The Bank of Canada today kept its overnight rate target at 5 percent, in line with unanimous market expectations. The press release is mostly a listing of factors that are starting to line up for eventual policy easing, followed by a brief paragraph explaining why it's not yet time to make a move. The Bank has also published an updated Monetary Policy Report today, and Governor Macklem's introductory remarks give more insight into how the Governing Council is currently thinking.
Let's start with the press release. After an opening paragraph that simply states the Bank's decision, we get two paragraphs on the global growth picture. Key quotes: "While growth in the United States has been stronger than expected, it is anticipated to slow in 2024". This is of course key for the Canadian economy and for policymakers, given the overwhelming importance of the US to Canada's external trade sector. "The Bank now forecasts global GDP growth of 2½% in 2024 and 2¾% in 2025, following 2023’s 3% pace. With softer growth this year, inflation rates in most advanced economies are expected to come down slowly, reaching central bank targets in 2025". It is, of course, important for the Bank not to get its policy cycle too far out of line with the rest of the world, so the expectation that other central banks will soon be in a position to cut certainly makes its job easier.
We then move on to two paragraphs on the domestic economy. Key quotes: "the economy has stalled since the middle of 2023 and growth will likely remain close to zero through the first quarter of 2024....the economy now looks to be operating in modest excess supply.....However, wages are still rising around 4% to 5%". That final quote about wages is the first indication of the Bank's lingering concern that slower growth has not yet created conditions for lower interest rates. "Economic growth is expected to strengthen gradually around the middle of 2024.... Spending by governments contributes materially to growth through the year. Overall, the Bank forecasts GDP growth of 0.8% in 2024 and 2.4% in 2025, roughly unchanged from its October projection". Once again we see the Bank complaining, albeit gently, that relentlessly expansionary fiscal policy is not making its job any easier.
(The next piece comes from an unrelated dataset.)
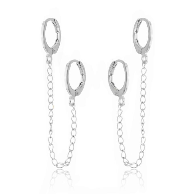 MODELO: Brinco Corrente Dois Furo Dourado banhado com 100 milésimos de prata 925.

Finally we get a paragraph on inflation, explaining why it is still too soon to cut, even if the stars are coming into alignment. It's worth quoting the full paragraph:
"CPI inflation ended the year at 3.4%. Shelter costs remain the biggest contributor to above-target inflation. The Bank expects inflation to remain close to 3% during the first half of this year before gradually easing, returning to the 2% target in 2025. While the slowdown in demand is reducing price pressures in a broader number of CPI components and corporate pricing behaviour continues to normalize, core measures of inflation are not showing sustained declines".
Shelter costs are at least partly under the Bank's direct influence because of the role played by mortgage costs, but it is arguable that rapid, immigration-driven population growth is a bigger factor. You might think that the statement that "core measures of inflation are not showing sustained declines" would lead the Bank to question whether the fall in headline CPI might not, in fact, have been brought about by Bank policy moves, and is instead mainly the result of supply chain normalization. Needless to say, that's not how the Bank sees it.
The final paragraph spells out what the Bank is looking for in the months ahead. "Governing Council wants to see further and sustained easing in core inflation and continues to focus on the balance between demand and supply in the economy, inflation expectations, wage growth, and corporate pricing behaviour".
It's hard to judge from that just how close the Bank is to starting an easing cycle, but Governor Macklem's opening remarks are rather more explicit:
"...monetary policy is working to relieve price pressures, and we need to stay the course. Inflation is coming down as higher interest rates restrain demand in the economy. But inflation is still too high, and underlying inflationary pressures persist. We need to give these higher rates time to do their work.
...with overall demand in the economy no longer running ahead of supply, Governing Council’s discussion of monetary policy is shifting from whether our policy rate is restrictive enough to restore price stability, to how long it needs to stay at the current level".
Setting aside the Bank's apparent belief that it can claim all the credit for lower inflation, it's clear that these paragraphs continue the recent trend towards softer rhetoric about the rate outlook. Monthly GDP data for December, due for release a week from today (i.e. January 31) should give a clearer reading on whether the economy has already slipped into a mild technical recession. If it has (and the guess here is that it hasn't, but it might be very close), calls for early rate cuts are certain to intensify. The Bank is highly unlikely to respond, but the tone of today's releases suggests the easing cycle may start a bit earlier than previously seemed likely. Waiting until June still makes good sense, but April can no longer be ruled out.